Saturday, March 5, 2011

amber ipa - secondary fermentation

about two weeks out from starting the ale, the airlock has stopped bubbling and its time to transfer my beer to a secondary fermenter to mature for another month. i start by sanitizing my secondary fermenter. i use the plastic 5 gallon bucket for primary fermentation and move to the 5 gallon glass carboy for secondary fermentation. usually i use an oxidizing powder to sanitize since you don't have to rinse before adding your beer. because i ran out, i am just using household bleach. i pour about a cup into the carboy and fill the rest with water, then get the siphon running to clear any contaminants.

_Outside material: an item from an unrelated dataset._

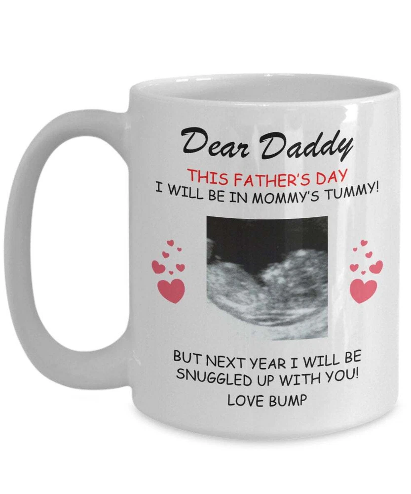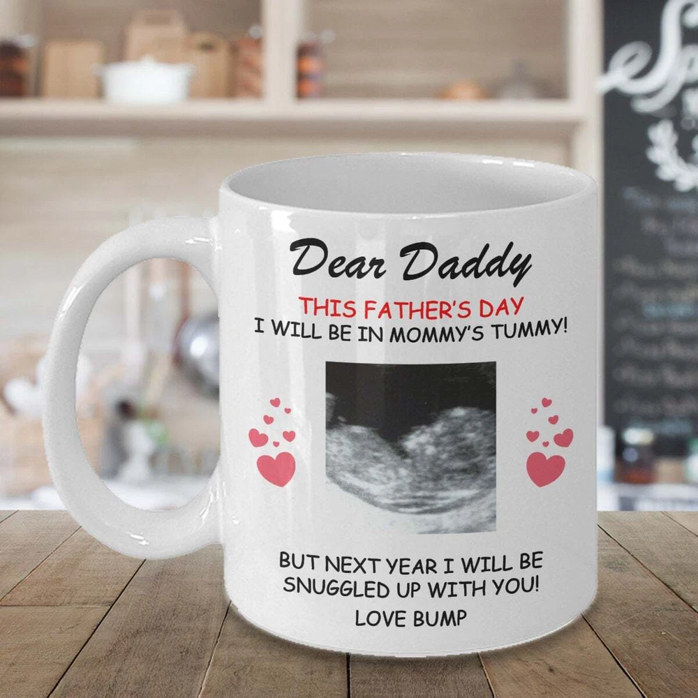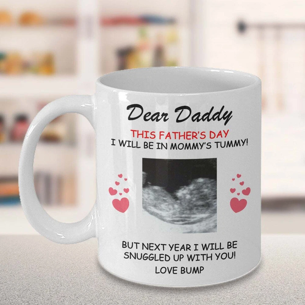 Personalized Fathers Day Gift From Bump Mommy's Tummy Custom Gift For Daddy Best Product Details.. This high quality 11oz. ceramic white mug has a premium hard coat that provides crisp and vibrant color reproduction sure to last for years. Perfect for all hot & cold beverages. The highest quality printing possible is used. It will never fade no matter how many times you wash it. Material: 100% Ceramic. Print both sides. Dishwasher and Microwave Safe. High Gloss + Premium White Finish. Printed in the U.S.A. Personalized & Custom. We support personalized and custom mug to add custom, when placing an order, you can add notes to the "order note" in shipping address section. Also you can contact us directly via message. Shipping Info. Ready to ship in 1 to 2 business days, All products are made-to-order and proudly printed in the United States. Shipped by USPS and DHL, You will receive your order in 5-7 days. Replace & Refund. All products are defective during shipping broken, chipped will be replaced free of charge. You are not satisfied with the product, we will refund 100% money to you. If any other issues arise, please do not hesitate to message, we would be more than happy to assist you.

 i rinse several times before i start transferring the beer. i probably over-rinse but i'm always concerned i will kill my yeast. in all reality, the amount of bleach left after even one rinse would be diluted to practically nothing in 5 gallons of beer, but i still don't take any chances.

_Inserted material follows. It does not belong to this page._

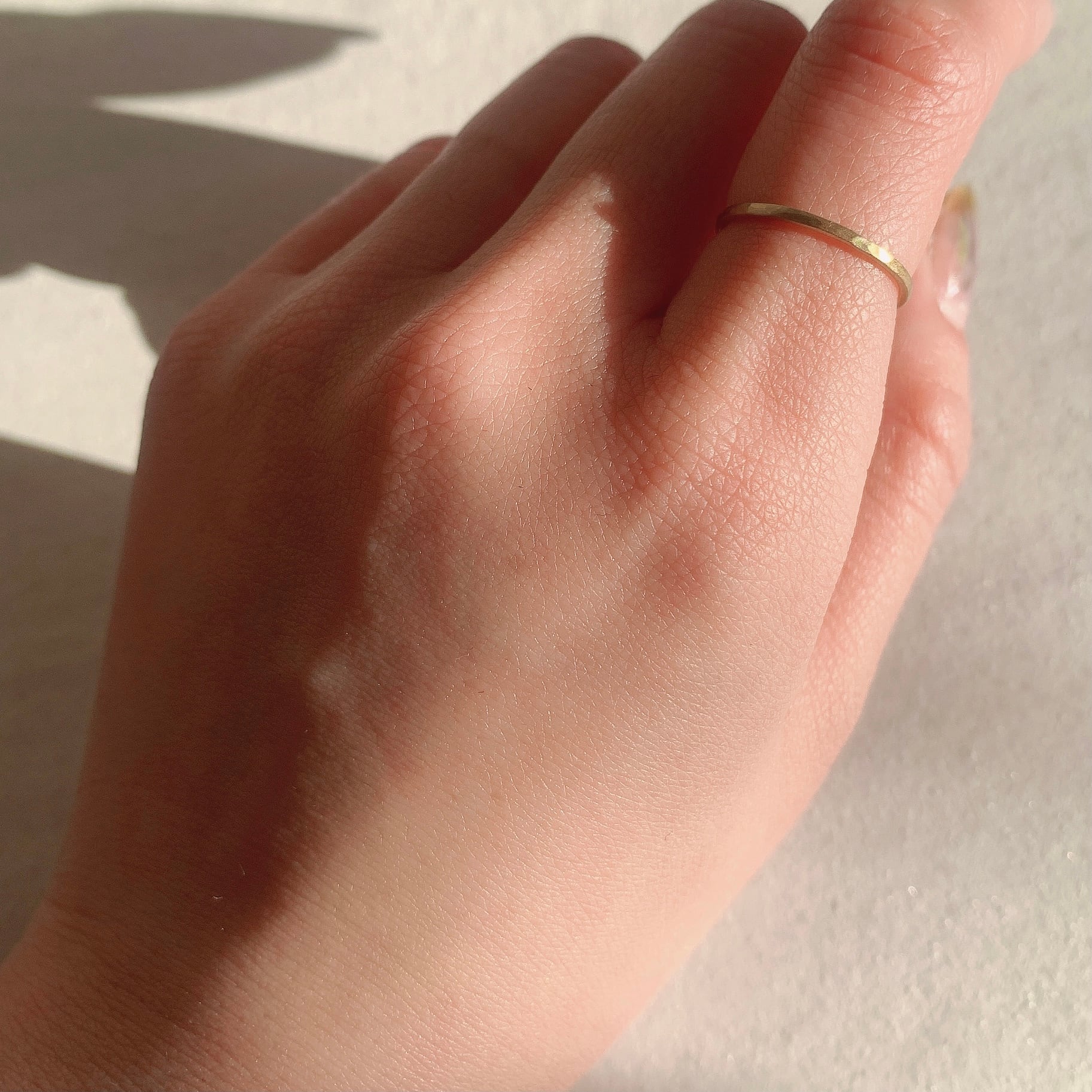 ・槌目:リングの表面を金槌で叩くことによって生まれる槌目模様。細やかな無数の面が光の反射でキラキラと輝き、手元を美しく演出します。

opening the primary fermenter is one of my favorite steps. the immediate aroma of the immature beer with all of the hops that have been stewing together for the first two weeks is extremely refreshing.

the newly sanitized, and obsessively rinsed siphon is then gently dipped into my primary fermenter. i usually only put it in to a depth of 6-7 cm. this avoids any floating hops as well as all of the sludge on the bottom of the bucket, which i will talk about later.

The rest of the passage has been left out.